La libertad para crear es la principal ventaja de estar al margen. Vengo de un pueblo donde no había escritores, no hay librerías, hay dos o tres videoclubes, el cine lo cerraron hace un tiempo. Borges y Cortázar estaban tan lejos que no sentía la intimidación de los padres. Leerlos era como leer traducciones de Anagrama. Todo el tiempo veo gente en los talleres que dicto, escribiendo para que los publique Alfaguara o una editorial grande, y me parece bien, pero yo nunca lo tomé como un desafío.

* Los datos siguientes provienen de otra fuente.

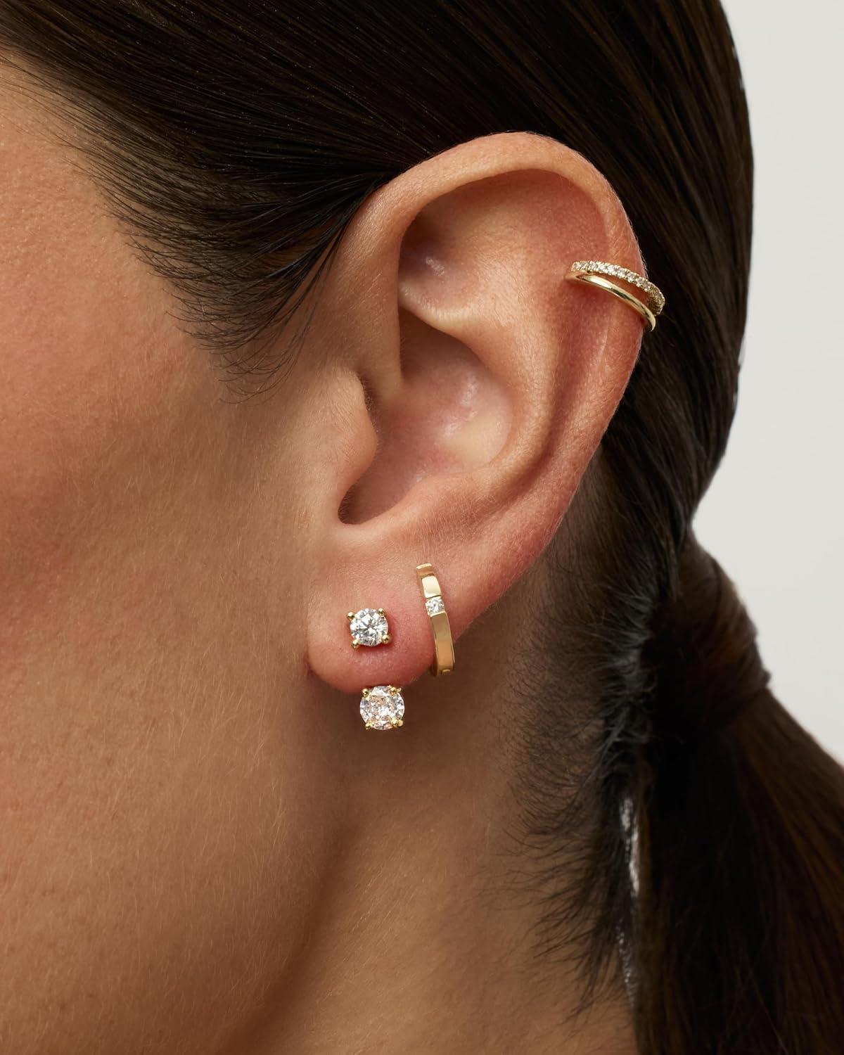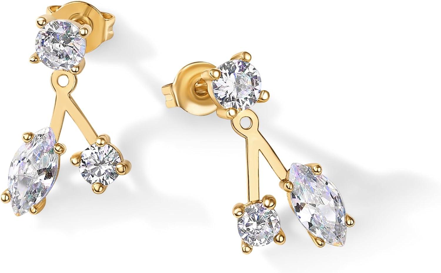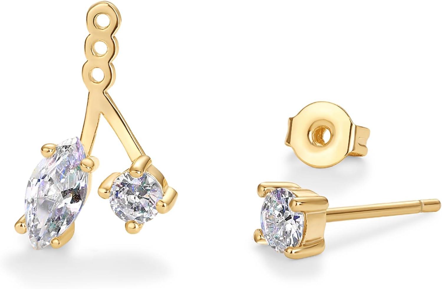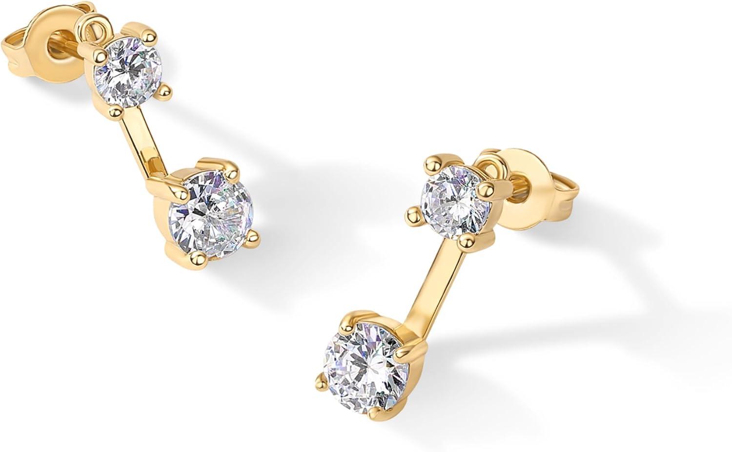 PAVOI 14K Gold Plated Cubic Zirconia Earrings Jacket for Women – 925 sterling silver Posts Dainty CZ Front and Back Double Studs – Statement Ear Jacket Earrings for Women
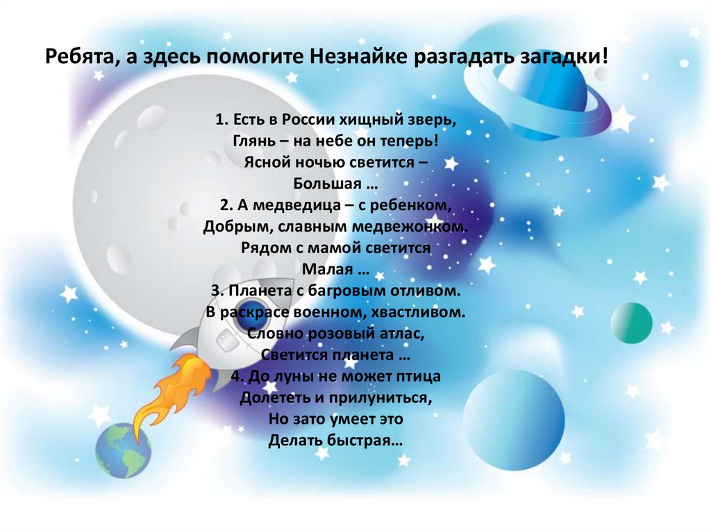 Ребята, чтобы лететьдальше, помогите Незнайке
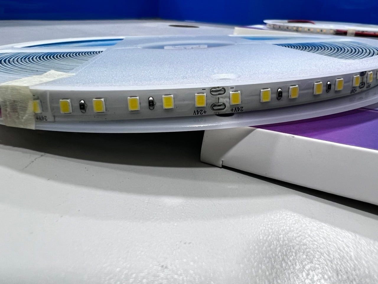- Sau lưng led dây 24v có lớp keo 2 mặt, bạn có thể dán vào thanh nhôm
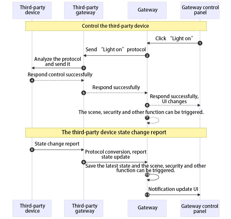 อินเทอร์เฟซ Web API ของเกตเวย์มีสองวิธีการเข้าถึง (ตาม IP หรือชื่อโดเมน) โดยปกติ root path จะเป็น /open-api/V2/rest/< specific function module >
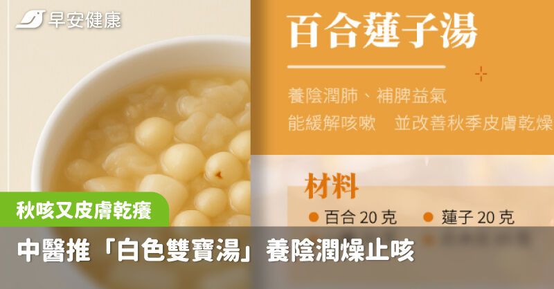 取百合 20 克、蓮子 20 克、山藥 30 克、白木耳 15 克,搭配少量冰糖,燉煮成湯。此藥膳養陰潤肺、補脾益氣,能緩解咳嗽,並改善秋季皮膚乾燥。
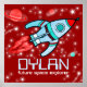 Poster de espaço para crianças de foguetes gráficos de desenho animado. Excelente para a sala temática espacial de um futuro explorador espacial. Personalize este item com o nome do seu filho (até 5 letras). Este exemplo diz: Dylan. Desenvolvido exclusivamente pela Sarah Trett.
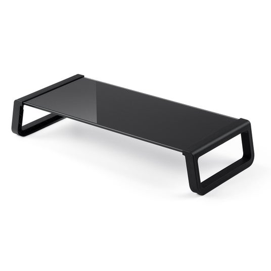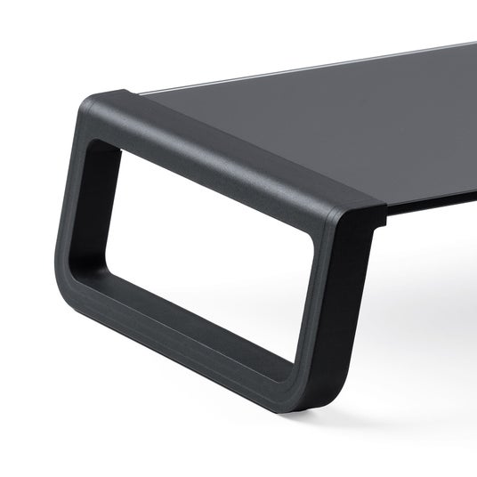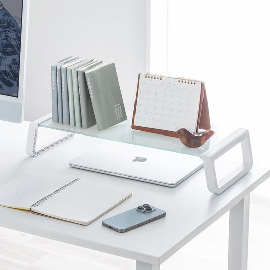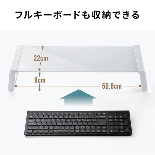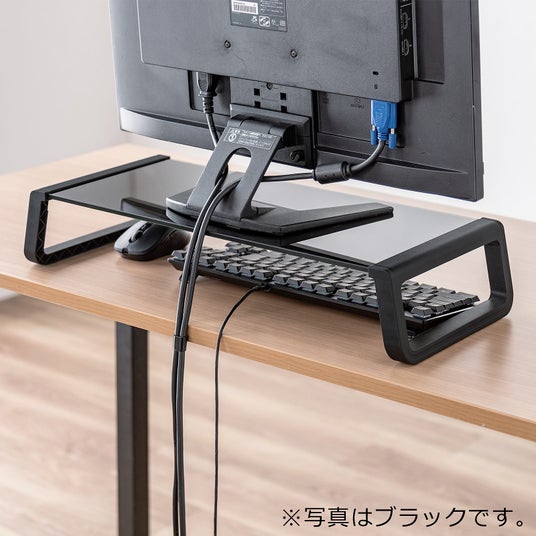 モニター下を有効活用し美しさと耐久性を両立した強化ガラス机上台

Después de la crisis de 2001 en Argentina, publicar era una utopía. Escribía entonces para nada, para compartirlo con unos amigos. En 222 patitos los cuentos están dedicados porque las historias me las contaron ellos. Una parte grande de ese libro la escribí en una casa de veraneo. Me levantaba muy temprano a escribir mientras el resto seguía durmiendo. Quería darles ese regalo, quería que vieran cómo me había apropiado de sus historias. Estaba al margen: me van a leer dos o tres amigos; lo hago porque me gusta, me decía. Y no hubiera podido hacerlo si pensaba que mi libro tenía que estar en la misma estantería de Borges y Cortázar.